The Fairness in Musical Licensing Act of 1995 circulated through Congress on behalf of the associations. The act sought to have the licensors disclose their repertory and to exempt incidental music. At the same time, Governor Christine Todd Whitman vetoed a similar New Jersey bill. Legislation was also pending in 20 other states, however. Most of these at least passed code-of-conduct laws for performing rights organization's agents.

Oscar-winning (Barbra Streisand's "The Way We Were") songwriter Marilyn Bergman became ASCAP's first female chair in 1995. She contended that although royalties only amounted to one percent of a restaurant's expenses, that provided nearly a third of an artist's income. ASCAP had 70,000 members at the time.

In 1996 ASCAP proposed dramatically lower per-program rates for news, talk, and religious television stations. These broadcasters had complained that their program fees were in some cases more expensive than other stations' blanket licenses.
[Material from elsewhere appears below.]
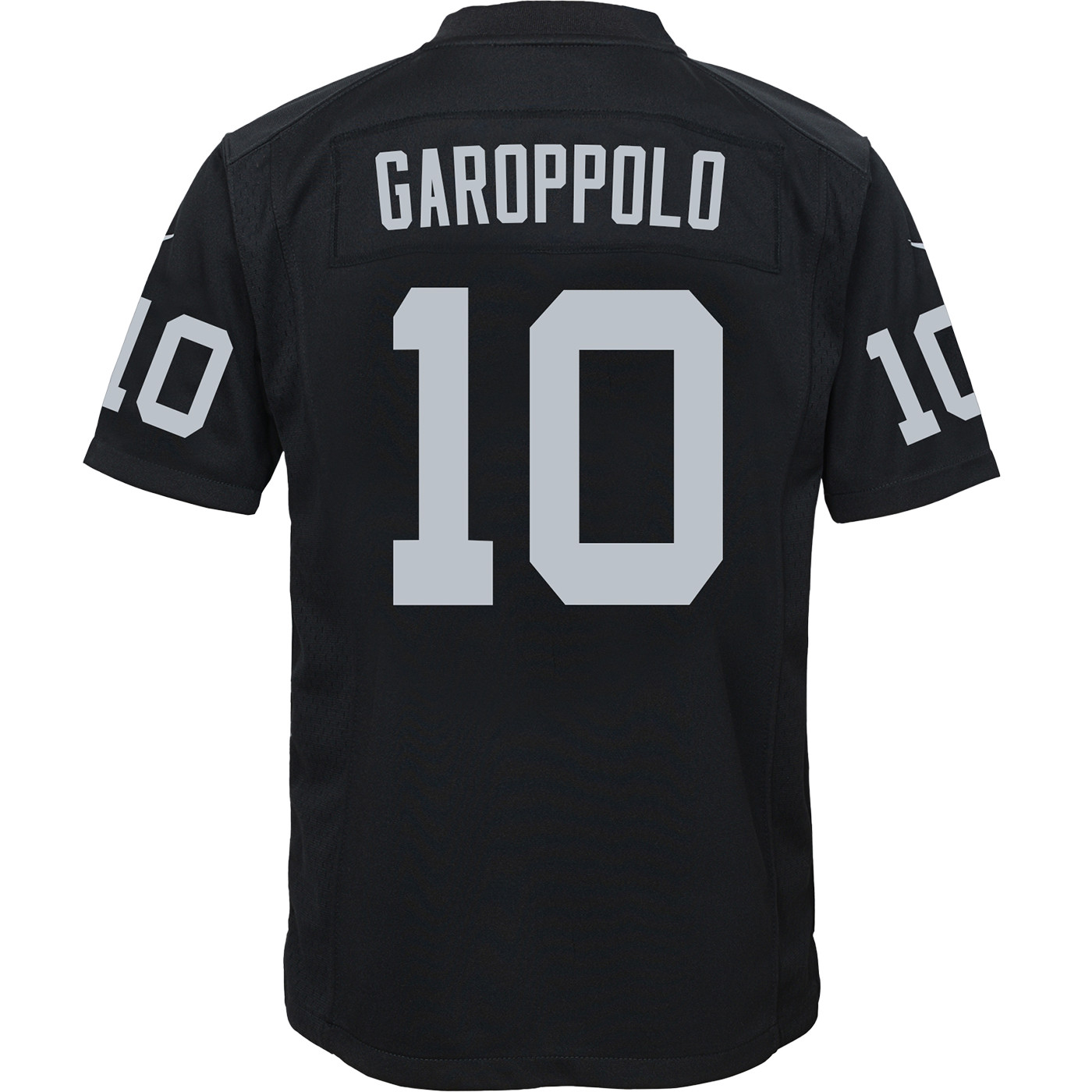 This Nike Jimmy Garoppolo Youth Game Jersey is designed to a modern fit—removing excess fabric with adjusted armhole sizing as well as adjusted sleeve lengths. Each jersey has a bound, clean finished neckband and heat transfer back neck label for zero distraction. It is embellished with a silicone lightweight print player name and number on the front, back and sleeves. 100% polyester.

In 1997 bills proposing to reform music licensing circulated through Congress for the third year in a row. One finally passed in 1998, and it exempted small restaurants from fees for televisions and radios. Eleven other circuit courts around the country became able to hear complaints; this had been the exclusive province of the Southern District Court of New York. The principle of vicarious liability for trade show operators was preserved, although in 1994 a U.S. District Court ruled that associations were not responsible for policing the music used by individual exhibitors.

Coping in the Digital Age

In the late 1990s, ASCAP worked on coping with the licensing issues that new Internet technologies presented. MP3 was the best-known format for downloading digital audio, and bootleg MP3 web sites threatened to become a major worry. ASCAP teamed with European licensors MCPS/PRS (UK) and BUMA/STEMRA (Holland) in the International Music Joint Venture created to process licensing requests.

The Internet provided ASCAP a new way to serve. Besides posting a listing of its repertoire on the web, in 1998 ASCAP launched Rate Calc, an interactive tool for calculating fees. The company's EZ-Seeker program searched web sites for sound files, identified with electronic "watermarks." ASCAP licensed almost 1,000 web sites, and made royalty payments to writers based on Internet performances.

In 1998 ASCAP distributed nearly $425 million of its $508 million gross to writers; both were records. However, the Fairness in Music Act was expected to impact future earnings. ASCAP had reciprocal agreements with 55 similar organizations in foreign countries; foreign performances accounted for over $130 million.

Further Reading:

  • Besen, Stanley M., et al., "An Economic Analysis of Copyright Collectives," Virginia Law Review 78, February 1992, pp. 383--419.
  • Breuhaus, Brian, "Dinner Music," Restaurant Business, November 1, 1998.
  • Brooks, Steve, "All Keyed Up," Restaurant Business, October 10, 1993.
  • ----, "ASCAP and BMI Are Turning Up the Volume," Restaurant Business, July 1, 1995.
  • Conlin, Joseph, "Paying the Piper," Successful Meetings, October 1992, p. 26.
  • Foisie, Geoffrey, "Music Accord Is Upbeat for TV Profit," Broadcasting and Cable, November 8, 1993.
  • Jensen, Melinda, "Congress Could Turn Table on Music Licensers," Successful Meetings, April 1995.
  • Petrozzello, Donna, "ASCAP Restructuring Rates," Broadcasting and Cable, August 12, 1996.
  • Ryan, John, The Production of Culture in the Music Industry: The ASCAP-BMI Controversy, Lanham, Md.; London: University Press of America, 1985.
  • Taylor, R. William, "ASAE Interim Report on Music Licensing," Association Management, March 1992.